# PROBLEM DESCRIPTION:
Each line below from the one containing "납부 결과를 확인하고" through the one containing "20世紀80年代與21世紀初" should be output exactly as it stands, and no other line should appear.

# RECORDS SUPPLIED:

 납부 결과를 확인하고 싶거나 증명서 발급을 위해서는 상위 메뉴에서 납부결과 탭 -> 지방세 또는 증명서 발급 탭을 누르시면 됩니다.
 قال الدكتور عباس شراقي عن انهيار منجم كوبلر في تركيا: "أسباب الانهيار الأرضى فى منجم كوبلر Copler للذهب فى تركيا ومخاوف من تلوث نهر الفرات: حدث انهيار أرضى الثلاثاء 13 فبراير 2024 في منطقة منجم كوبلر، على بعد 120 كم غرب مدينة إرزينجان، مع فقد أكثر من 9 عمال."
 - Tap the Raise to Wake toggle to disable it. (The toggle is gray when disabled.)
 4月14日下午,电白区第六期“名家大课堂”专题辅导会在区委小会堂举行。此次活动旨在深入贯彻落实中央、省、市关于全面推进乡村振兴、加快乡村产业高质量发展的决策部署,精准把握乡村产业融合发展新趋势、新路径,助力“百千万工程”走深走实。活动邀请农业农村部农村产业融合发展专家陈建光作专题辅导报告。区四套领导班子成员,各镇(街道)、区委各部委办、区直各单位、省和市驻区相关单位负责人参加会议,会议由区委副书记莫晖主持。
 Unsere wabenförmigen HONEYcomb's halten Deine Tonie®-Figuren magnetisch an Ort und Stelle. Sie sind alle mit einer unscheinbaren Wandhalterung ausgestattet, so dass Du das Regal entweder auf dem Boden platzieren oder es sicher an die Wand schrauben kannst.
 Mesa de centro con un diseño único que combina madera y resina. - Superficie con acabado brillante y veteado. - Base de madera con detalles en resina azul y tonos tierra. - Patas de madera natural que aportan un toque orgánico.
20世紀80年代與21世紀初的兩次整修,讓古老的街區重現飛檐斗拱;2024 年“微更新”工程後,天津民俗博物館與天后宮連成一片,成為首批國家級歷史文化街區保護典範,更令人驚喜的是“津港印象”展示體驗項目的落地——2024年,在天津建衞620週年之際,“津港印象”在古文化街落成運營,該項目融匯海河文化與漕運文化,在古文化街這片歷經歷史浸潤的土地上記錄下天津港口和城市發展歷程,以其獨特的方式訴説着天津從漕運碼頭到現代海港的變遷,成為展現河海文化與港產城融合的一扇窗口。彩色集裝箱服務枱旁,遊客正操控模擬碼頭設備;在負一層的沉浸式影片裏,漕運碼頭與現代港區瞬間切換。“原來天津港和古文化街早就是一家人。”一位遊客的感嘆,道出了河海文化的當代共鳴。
...
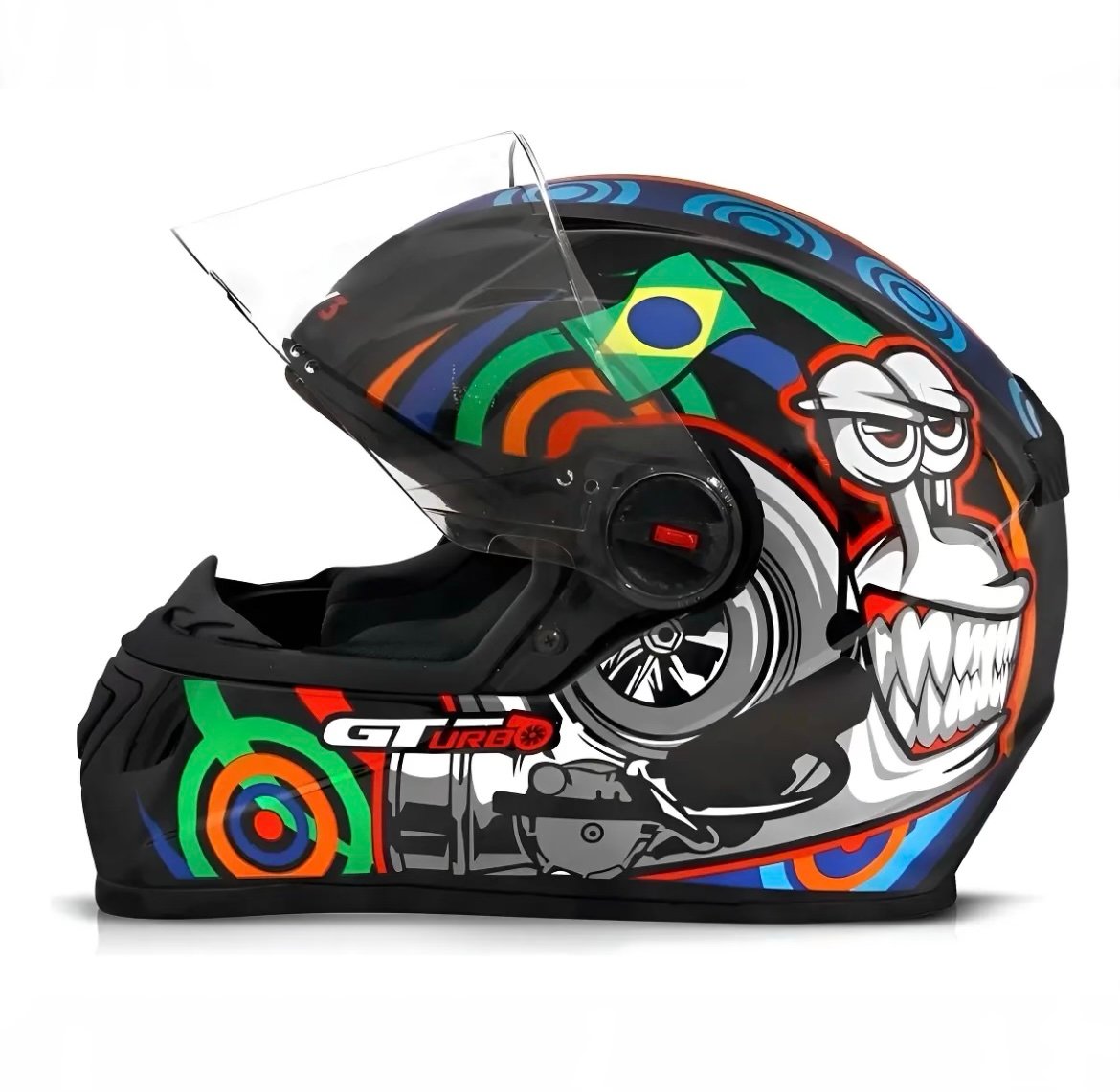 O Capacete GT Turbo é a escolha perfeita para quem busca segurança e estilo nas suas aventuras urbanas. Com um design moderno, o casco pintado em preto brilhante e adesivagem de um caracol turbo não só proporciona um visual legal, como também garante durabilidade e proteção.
...
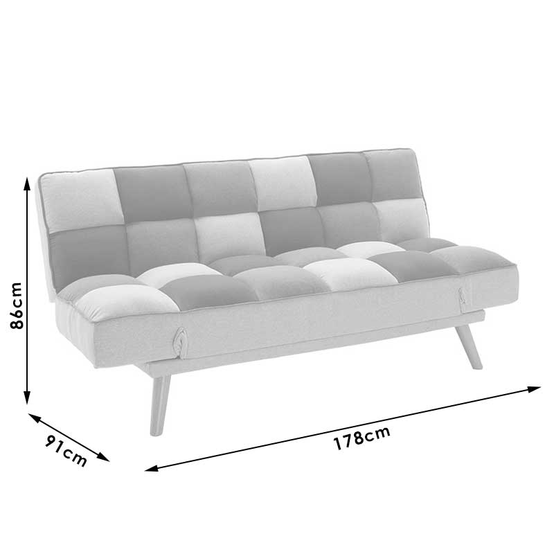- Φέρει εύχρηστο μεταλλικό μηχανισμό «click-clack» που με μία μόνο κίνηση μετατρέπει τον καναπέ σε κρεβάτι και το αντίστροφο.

# RESULT BELOW:
 납부 결과를 확인하고 싶거나 증명서 발급을 위해서는 상위 메뉴에서 납부결과 탭 -> 지방세 또는 증명서 발급 탭을 누르시면 됩니다.
 قال الدكتور عباس شراقي عن انهيار منجم كوبلر في تركيا: "أسباب الانهيار الأرضى فى منجم كوبلر Copler للذهب فى تركيا ومخاوف من تلوث نهر الفرات: حدث انهيار أرضى الثلاثاء 13 فبراير 2024 في منطقة منجم كوبلر، على بعد 120 كم غرب مدينة إرزينجان، مع فقد أكثر من 9 عمال."
 - Tap the Raise to Wake toggle to disable it. (The toggle is gray when disabled.)
 4月14日下午,电白区第六期“名家大课堂”专题辅导会在区委小会堂举行。此次活动旨在深入贯彻落实中央、省、市关于全面推进乡村振兴、加快乡村产业高质量发展的决策部署,精准把握乡村产业融合发展新趋势、新路径,助力“百千万工程”走深走实。活动邀请农业农村部农村产业融合发展专家陈建光作专题辅导报告。区四套领导班子成员,各镇(街道)、区委各部委办、区直各单位、省和市驻区相关单位负责人参加会议,会议由区委副书记莫晖主持。
 Unsere wabenförmigen HONEYcomb's halten Deine Tonie®-Figuren magnetisch an Ort und Stelle. Sie sind alle mit einer unscheinbaren Wandhalterung ausgestattet, so dass Du das Regal entweder auf dem Boden platzieren oder es sicher an die Wand schrauben kannst.
 Mesa de centro con un diseño único que combina madera y resina. - Superficie con acabado brillante y veteado. - Base de madera con detalles en resina azul y tonos tierra. - Patas de madera natural que aportan un toque orgánico.
20世紀80年代與21世紀初的兩次整修,讓古老的街區重現飛檐斗拱;2024 年“微更新”工程後,天津民俗博物館與天后宮連成一片,成為首批國家級歷史文化街區保護典範,更令人驚喜的是“津港印象”展示體驗項目的落地——2024年,在天津建衞620週年之際,“津港印象”在古文化街落成運營,該項目融匯海河文化與漕運文化,在古文化街這片歷經歷史浸潤的土地上記錄下天津港口和城市發展歷程,以其獨特的方式訴説着天津從漕運碼頭到現代海港的變遷,成為展現河海文化與港產城融合的一扇窗口。彩色集裝箱服務枱旁,遊客正操控模擬碼頭設備;在負一層的沉浸式影片裏,漕運碼頭與現代港區瞬間切換。“原來天津港和古文化街早就是一家人。”一位遊客的感嘆,道出了河海文化的當代共鳴。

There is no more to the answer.